Man könnte meinen, der Protagonist „sieht“ durch seine Nase. Somit gelingt es ihm, trotz des noch eingeschränkten Sehsinns sein Umfeld zu entdecken. Friedel Schardt schreibt in seiner Interpretation über Grenouille, dass das Kind „nur aus Nase zu bestehen, […] und ausschließlich Geruch aufzunehmen“ scheint.[14]

Das Kind nimmt also nicht, wie andere Kinder, die Welt mit allen Sinnen, vor allem mit Augen, Gehör und Tastsinn wahr, sondern konzentriert sich allein auf die Nase.[15]

Der ausgeprägte Geruchssinn Grenouilles ist sehr auffällig und wird selbst von Außenstehenden als unnormal empfunden.

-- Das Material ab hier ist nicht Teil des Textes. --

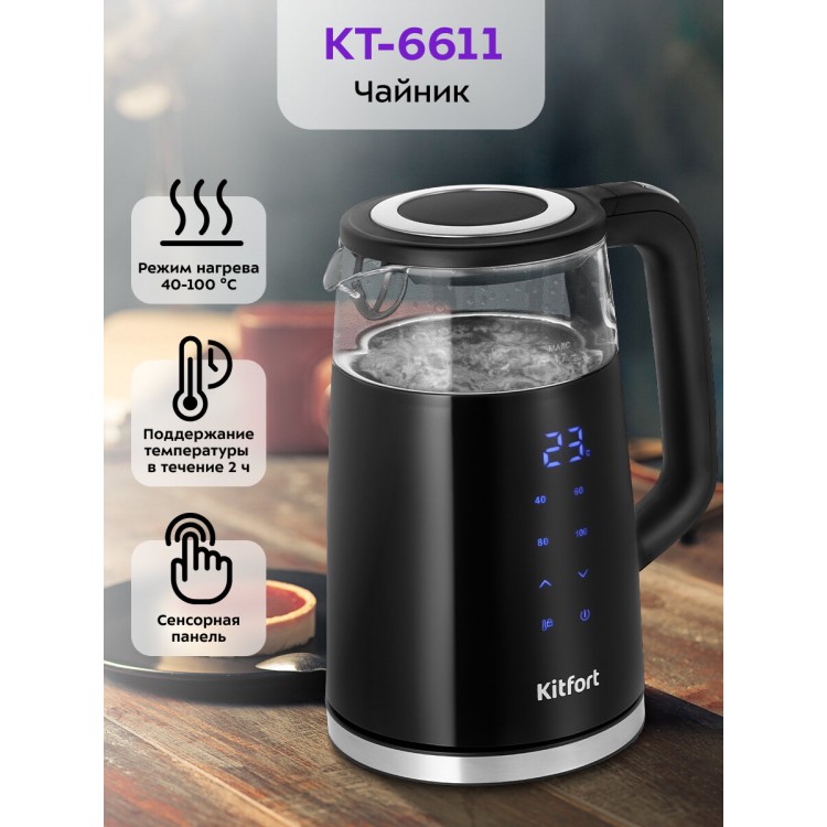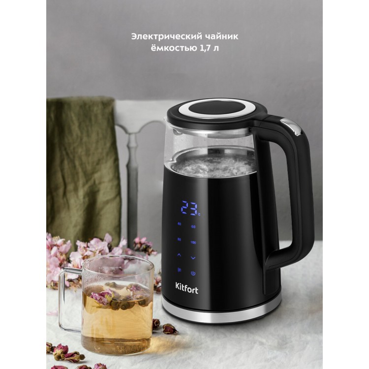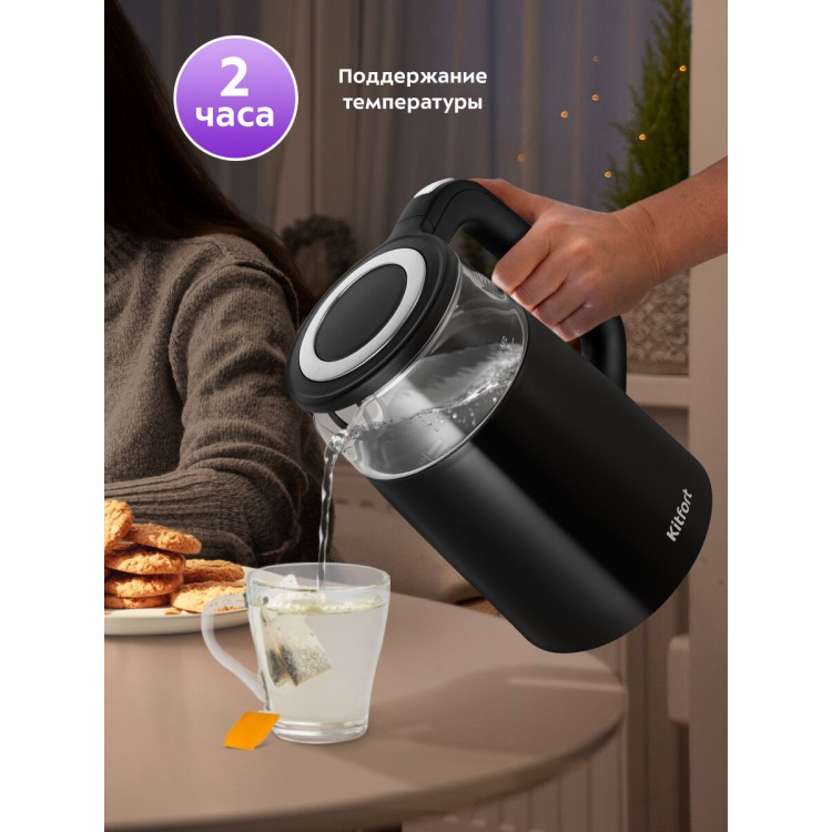 Электрический чайник Kitfort стал настоящим открытием для нашей семьи. Теперь мы можем наслаждаться горячим напитком в любое время суток благодаря удобной функции поддержания температуры. Очень удобно, что можно выставить точную температуру от 40 до 100 градусов — идеально подходит для заваривания разных видов чая и приготовления детского питания. Индикатор нагрева на дисплее позволяет точно контролировать процесс, что добавляет комфорта в повседневное использование. Качество сборки отличное, материал корпуса приятный на ощупь и легко моется. Рекомендую всем, кто ценит комфорт и удобство на кухне.

Alain Corbin bringt das Geruchsorgan mit Animalität in Verbindung:

Als Sinn der Lust, der Begierde, der Triebhaftigkeit trägt das Riechorgan den Stempel der Animalität. Riechen und Schnüffeln erinnert an etwas Tierisches. Die sprachliche Unfähigkeit, Geruchsempfindungen auszudrücken, würde den Menschen, wenn dieser Sinn vorherrschte, zu einem an die Außenwelt gefesselten Wesen machen.[16]

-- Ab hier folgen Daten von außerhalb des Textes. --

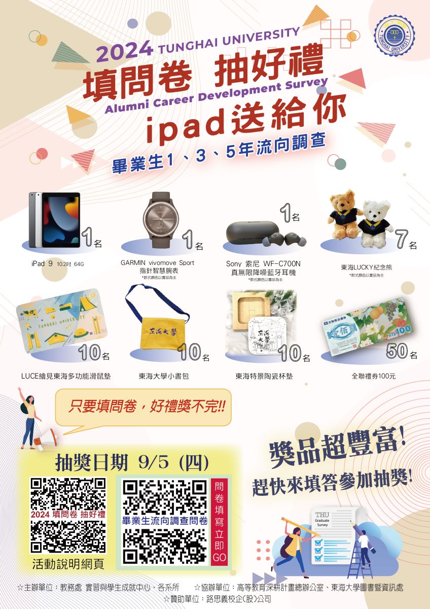 抽獎獎品包括iPad、GARMIN智慧腕錶、SONY 藍芽耳機、東海紀念熊、全聯禮券、東海小書包等獎品,填完問卷,好禮獎不完!! 9/4中午前,只要完整填寫所屬畢業生流向問卷,就可以參加抽獎。

Corbin, der sich intensiv mit dem Thema „Geruch“ auseinandersetzt, stellt laut Werner Frizen und Marilies Spancken „eine der wichtigsten kulturgeschichtlichen Quellen SÜSKINDS“[17] dar. Weiterhin erfährt man, dass Grimal den Jungen einige Zeit lang wie ein Tier hält. Nachdem der Gerber jedoch merkt, dass das Kind, zäh und robust in seiner Art, durchaus eine wertvolle Arbeitskraft für ihn ist, behandelt er Jean-Baptiste „wie ein nützliches Haustier“.[18] Bernd Matzkowski weist in seiner Analyse über den Roman darauf hin, dass der Protagonist immer wieder mit anderen Tieren verglichen wird, die beim Leser eher negative Assoziationen wecken und Gefühle, wie Schaudern bzw. Abneigung hervorrufen.[19] Grenouille wird sowohl innerlich als auch äußerlich mit Eigenschaften beschrieben, die für durchschnittliche Menschen untypisch sind. Das Absonderliche und Hässliche der Schlüsselfigur werden sowohl durch ständige Tiervergleiche, als auch durch die häufige Gegenüberstellung von „normalen“ Menschen immer wieder betont. Schardt bezeichnet Süskinds Hauptperson als „Ausnahmemensch“, dessen Einzigartigkeit in einem Widerspruch besteht: Grenouille besitzt keinen eigenen Geruch, hat jedoch eine „exzellente Nase“.[20] Seine Geruchlosigkeit ist von Geburt an vorhanden[21] und stellt für den Säugling sogar eine Gefahr dar, da sich aufgrund dessen niemand um ihn kümmern will.[22] Die Amme Jeanne Bussie stellt fest, dass das Kind überhaupt nicht riecht und vergleicht den Jungen mit anderen „Menschenkinder[n]“:[23]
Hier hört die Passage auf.